SRU-HvJ-2014-9

  • Instantie Hof van Justitie
  • Zaaknummer GR 14674
  • Uitspraakdatum 21 februari 2014
  • Publicatiedatum 12 juli 2023
  • Rechtsgebied Civiel recht
  • Inhoudsindicatie

    Het Hof heeft overwogen dat appellante in haar hoedanigheid van vruchtgebruikster slechts tezamen met de erfgenamen van de overledene, gerechtigd is om in rechte op te komen. De titel van vruchtgebruikster over de gehele nalatenschap van de overledene doet aan het voren overwogene niet af, aangezien het vermogensrechtelijke van de overledene wordt voortgezet door diens erfgenamen. Appellante diende derhalve onderhavige vordering niet alleen in eigen naam doch mede als gevolmachtigde van de erfgenamen in te stellen.

Uitspraak

GR- 14674

HET HOF VAN JUSTITIE VAN SURINAME

In de zaak van

[Appellante]
weduwe van [naam],
wonende aan [adres]te [plaats],
appellante in conventie en in reconventie,
gemachtigde: mr. A.R. Baarh, advocaat,

tegen

  1. DE ONTBONDEN VERENIGING: MAATSCHAPPIJ TOT ONDERLINGE HULP,
    kantoorhoudende te Paramaribo aan de Joliceurstraat no. 19,
  2. [Geïntimeerde sub B], wonende te [plaats] aan [adres 2],
  3. [Geïntimeerde sub C], wonende te [plaats] aan [adres 3],
  4. [Geïntimeerde sub D], wonende te [plaats] aan [adres 4],
  5. [Geïntimeerde sub E], wonende te [plaats] aan [adres 5],

allen in hun hoedanigheid van vereffenaars van de ontbonden Vereniging Maatschappij Tot Onderlinge Hulp,
geïntimeerden in conventie en in reconventie,
gemachtigde: mr.

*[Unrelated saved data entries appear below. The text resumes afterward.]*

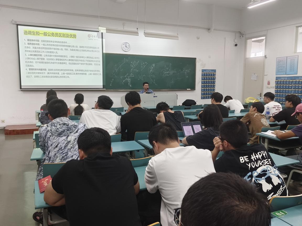 随后,陈老师从“就业与考公”“未来发展规划”“考试内容与考情”“报名流程与选岗技巧”四个核心维度,为同学们拆解毕业后的多元发展路径。针对即将毕业的学生,他精准梳理了大学生考公的先天优势与岗位待遇体系,同时对考研方向及其他就业选择进行客观分析,帮助大家拓宽职业视野。在考公实操指导环节,陈老师详细解读了考试科目、关键时间节点、笔试与面试的核心考察要点,并特别强调了应届毕业生身份在报考中的独特价值,鼓励同学们结合自身情况积极筹备、勇敢尝试。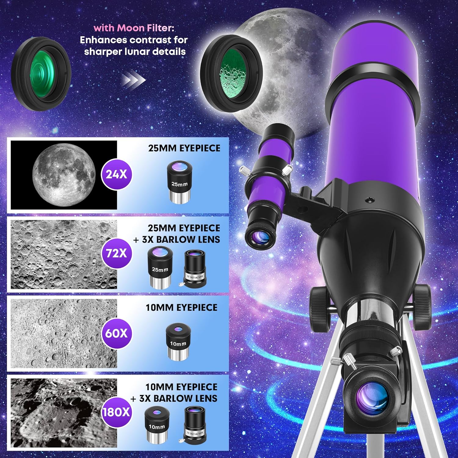 - Optimum Magnification: This telescope for adults, kids, and beginners includes 25mm & 10mm eyepieces and a 3X Barlow lens, offering 24X-180X magnification. A 5X24 finder scope for fast targeting. Perfect for moon, birding, wildlife, scenery & stargazing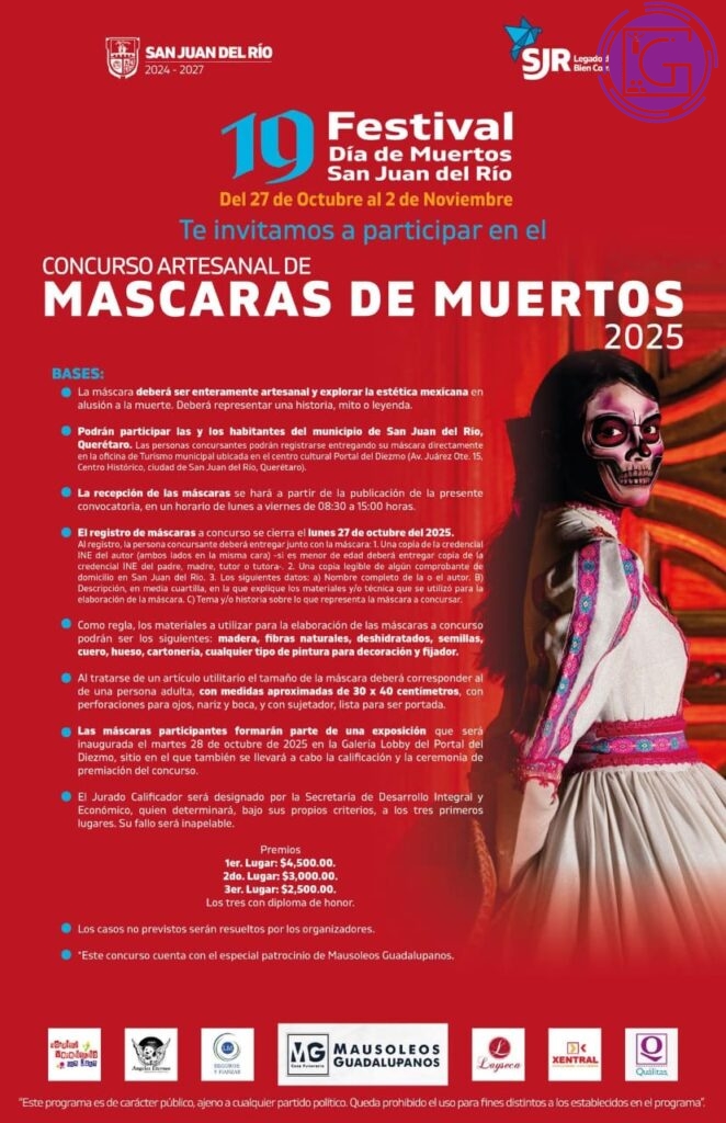 También incluye el “Concurso Artesanal de Máscaras de Muertos 2025”, cuyo registro –que se realiza con la entrega de la máscara en la Oficina de Turismo, ubicada en el Portal del Diezmo– cierra el lunes 27 de octubre. Las máscaras participantes serán una parte de una exposición que será inaugurada el martes 28 de octubre en el Portal del Diezmo, donde se calificarán y premiarán. El primer lugar ganará 4 mil 500 pesos, el segundo 3 mil y el tercero 2 mil 500 pesos.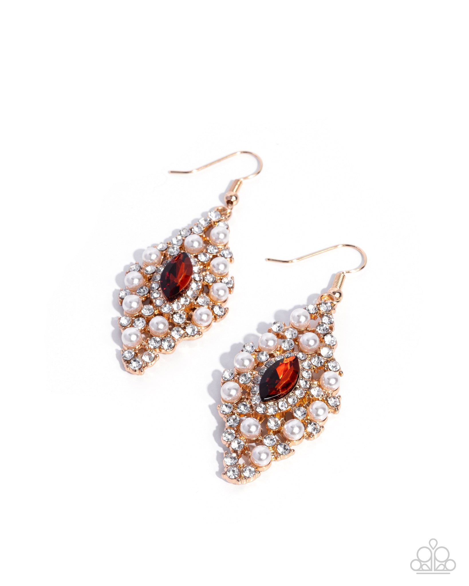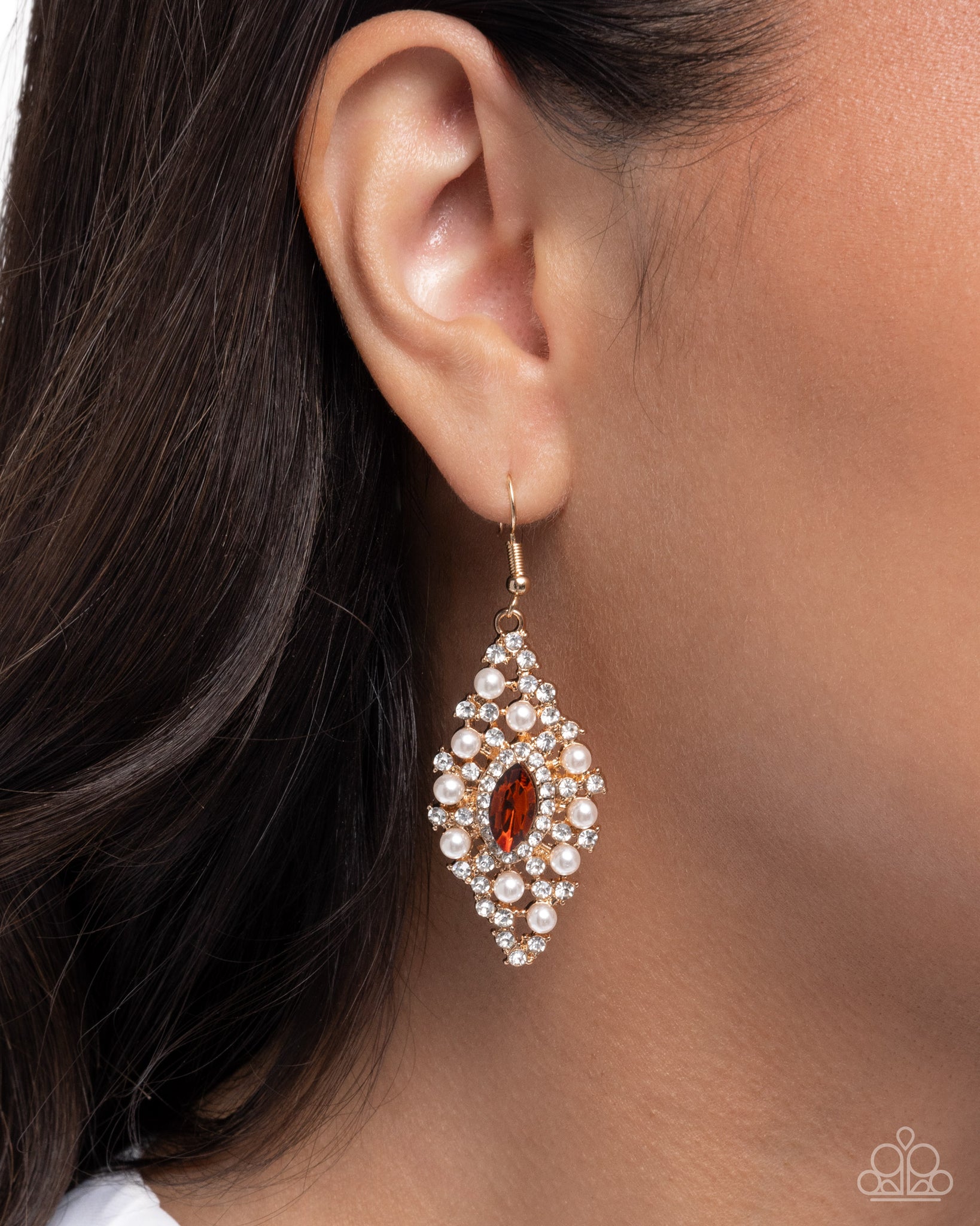 An explosion of glittery white rhinestones and glossy white pearls coalesces around a marquise-cut topaz gem bordered by white rhinestones into an exaggerated, airy, diamond-shaped lure, creating a dramatic statement piece. Earring attaches to a standard fishhook fitting.

S. Marica, advocaat,

inzake het hoger beroep van het door de Kantonrechter in het Eerste Kanton gewezen en uitgesproken vonnis van 22 juni 2010 (A.R.NO. 080093) tussen appellante als eiseres in conventie en gedaagde in reconventie en geïntimeerden als gedaagden in conventie en eisers in reconventie,

spreekt de Fungerend-President, in Naam van de Republiek, het navolgende vonnis uit.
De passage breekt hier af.